-------- Records to process --------

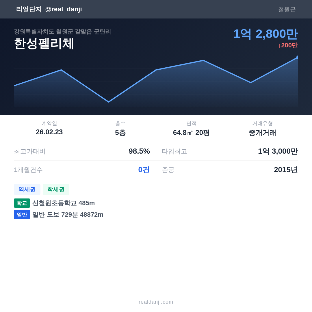 | 2026.02.23 | 65㎡ | 5층 | 1억 2,800만 |
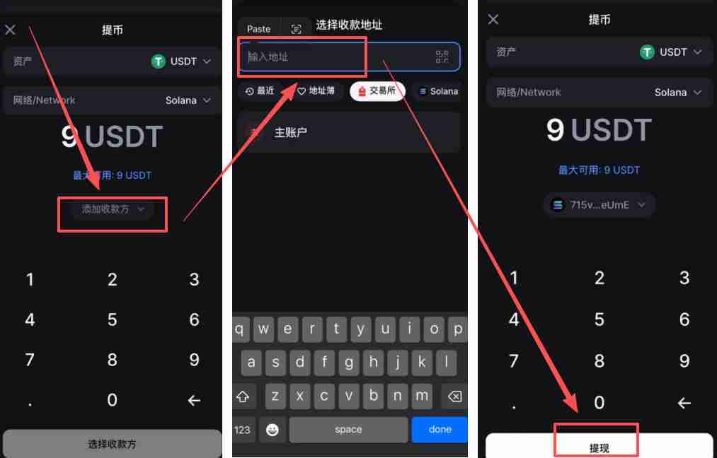 4、提现的品种还是USDT,网络我还是使用Solana网络,提现的数量我选择全部。这里需要添加收款方式,这个时候我们就可以回到币安。
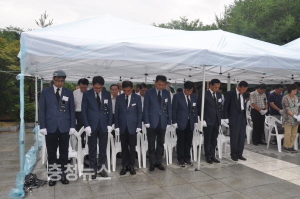 비가 오는데 치러진 위령제에서 건설 순직자들의 순고한 희생에 감사하며 편안한 안식을 기리는 추도와 묵념이 이어졌다.
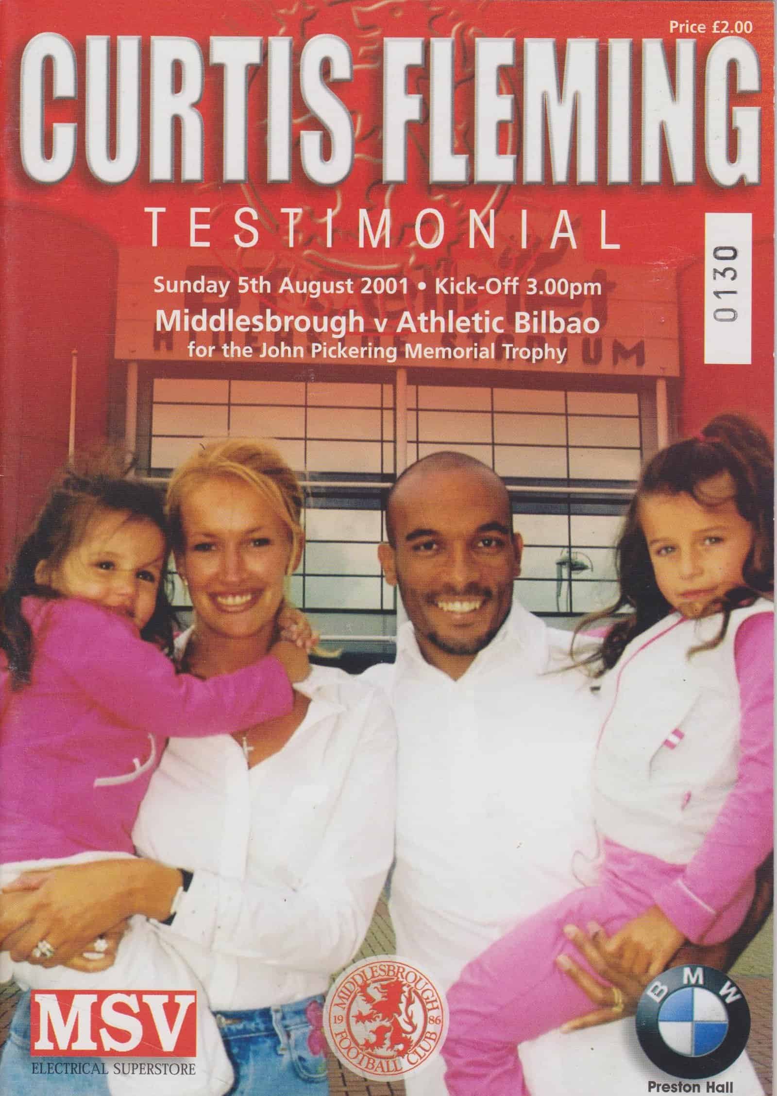 Match: Middlesbrough v Athletic Bilbao Competition: Friendly Date: 05-Aug-2001 Comments: Curtis Fleming Testimonial Match Rating: 5 Condition: Excellent Weight in grams: 100
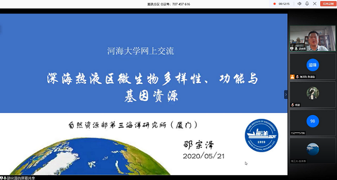 5月21日下午,自然资源部第三海洋研究所邵宗泽研究员应邀做客51吃瓜 网上学术论坛,并作了题为“深海热液区微生物多样性、功能与基因资源”的线上学术报告。报告由51吃瓜 副院长赵哲教授主持,校内外共计130余人线上聆听此次报告。
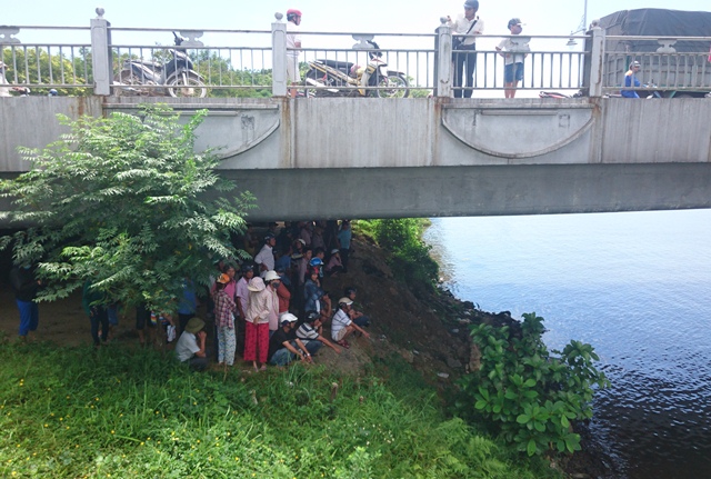 | Người thân và người đi đường theo dõi việc tìm kiếm nạn nhân bên bờ sông Hương. |
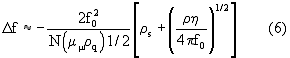где f0 представляет собой невозмущенную резонансную частоту кварцевого кристалла; N представляет собой номер гармоники; представляет собой сдвиговую жесткость кварца, q представляет собой плотность кварца; s представляет собой поверхностную плотность массы осадка (масса/площадь), представляет собой плотность среды, соприкасающейся с резонатором, и представляет собой вязкость среды, соприкасающейся с резонатором.

--------

Please restate, word for word, the lines from the one with "4、提现的品种还是USDT,网络我还是使" through the final line of the material, both included, and omit the pictures.

 4、提现的品种还是USDT,网络我还是使用Solana网络,提现的数量我选择全部。这里需要添加收款方式,这个时候我们就可以回到币安。
 비가 오는데 치러진 위령제에서 건설 순직자들의 순고한 희생에 감사하며 편안한 안식을 기리는 추도와 묵념이 이어졌다.
 Match: Middlesbrough v Athletic Bilbao Competition: Friendly Date: 05-Aug-2001 Comments: Curtis Fleming Testimonial Match Rating: 5 Condition: Excellent Weight in grams: 100
 5月21日下午,自然资源部第三海洋研究所邵宗泽研究员应邀做客51吃瓜 网上学术论坛,并作了题为“深海热液区微生物多样性、功能与基因资源”的线上学术报告。报告由51吃瓜 副院长赵哲教授主持,校内外共计130余人线上聆听此次报告。
 | Người thân và người đi đường theo dõi việc tìm kiếm nạn nhân bên bờ sông Hương. |
где f0 представляет собой невозмущенную резонансную частоту кварцевого кристалла; N представляет собой номер гармоники; представляет собой сдвиговую жесткость кварца, q представляет собой плотность кварца; s представляет собой поверхностную плотность массы осадка (масса/площадь), представляет собой плотность среды, соприкасающейся с резонатором, и представляет собой вязкость среды, соприкасающейся с резонатором.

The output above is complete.